Pence later met German Chancellor Angela Merkel, who addressed the conference just before he did. She stressed the need to maintain international alliances and told the audience, with Pence seated a few feet away, that Nato is “in the American interest”.

European countries along Russia’s border are rattled by the prospect of deeper US-Russia ties after Trump suggested sanctions imposed after Russia’s annexation of Crimea could be eased in exchange for a nuclear weapons deal, and after the president referred to Nato as “obsolete” in an interview before his inauguration. Trump has since stressed the importance of the alliance in his phone conversations with foreign leaders.

Pence also had meetings yesterday with the leaders of Estonia, Latvia and Lithuania, and with Ukrainian President Petro Poroshenko. He also planned to meet Turkish Prime Minister Binali Yildirim.

The visit, which includes a stop in Brussels today comes amid worries in Europe about Russian aggression, Trump’s relationship with Putin and whether the new president may promote isolationist tendencies through his “America First” mantra.

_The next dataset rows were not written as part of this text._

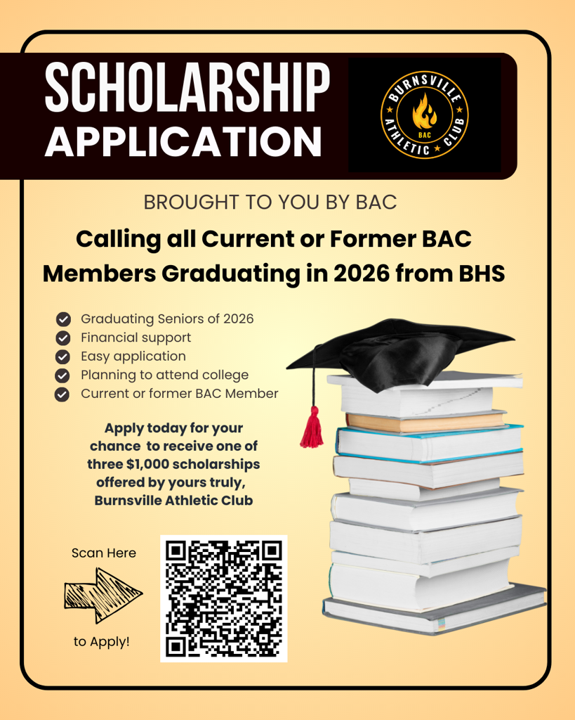 We are thrilled to announce we will be offering 3 scholarships to graduating Seniors in 2026 from BHS who are current or former members of BAC! Scan the QR code to take you directly to the application.
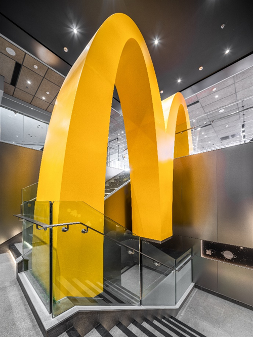 金银湖199+餐厅占地面积超过528平方米,拥有上下两层,可同时容纳150名顾客用餐,大幅全透明落地玻璃为餐厅增加阳光和空间感。餐厅以童趣太空为主题元素,大量使用银灰色金属材质,营造“太空舱”式的科技和未来感。外立墙面上的卡通宇航员童趣十足;餐厅里面,麦当劳经典产品图案变身太空中的星球,闪闪发光。餐厅特别设计了“童趣星空”旋转楼梯,连接餐厅的上下两层,标志性的金色拱门伫立在楼梯中间,星空墙画延伸在楼梯两侧,点点灯光下营造出充满想象力与童趣的星际太空。
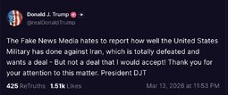 DJT (TwiX) The Fake News Media hates to report how well the United States Military has done against Iran, which is totally defeated and wants a deal - But not a deal that I would accept! Thank you for your attention to this matter. President DJT
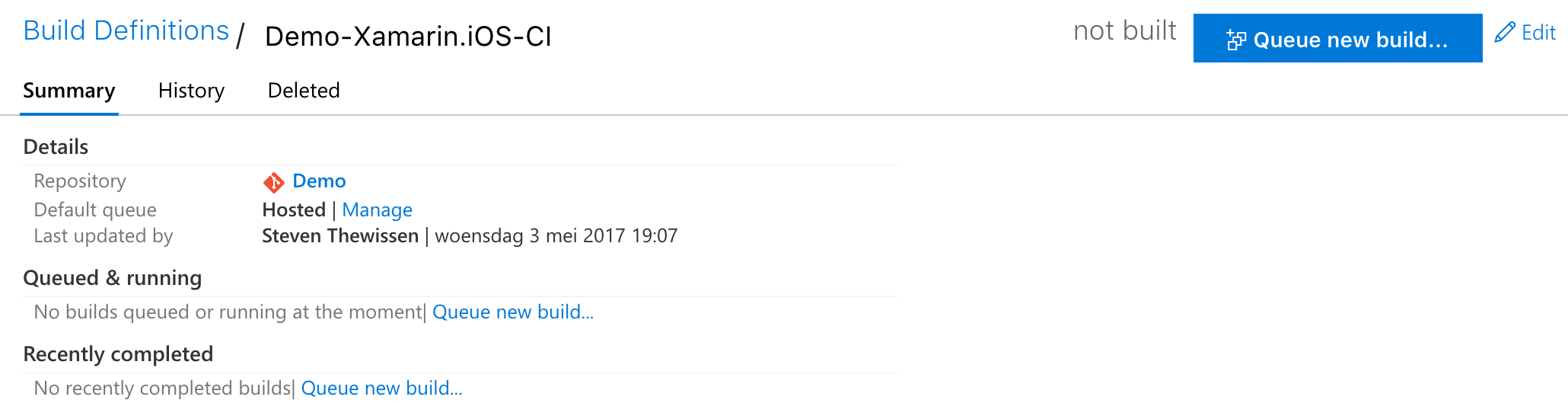 We start by editing the build definition we created in one of our previous posts by navigating to it and clicking the Edit button.
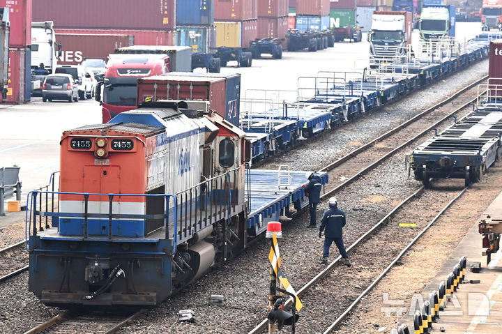 [의왕=뉴시스] 김종택 기자 = 전국철도노동조합 총파업을 하루 앞둔 10일 경기 의왕시 내륙컨테이너기지(ICD)에 화물열차가 정차해 있다.

Pence is also expected to meet the leaders of Iraq and Afghanistan, where the US is embroiled in two separate wars. Trump has said the US may get a second chance to take Iraqi oil as compensation for its efforts in the war-torn country, a notion rebuffed by Iraqi Prime Minister Haider al-Abadi, who will be meeting the vice president.

Trump’s immigration and refugee ban has angered a number of Muslim-majority countries affected by the order currently tied up in court, including Iraq – a key ally in the fight against so-called Islamic State.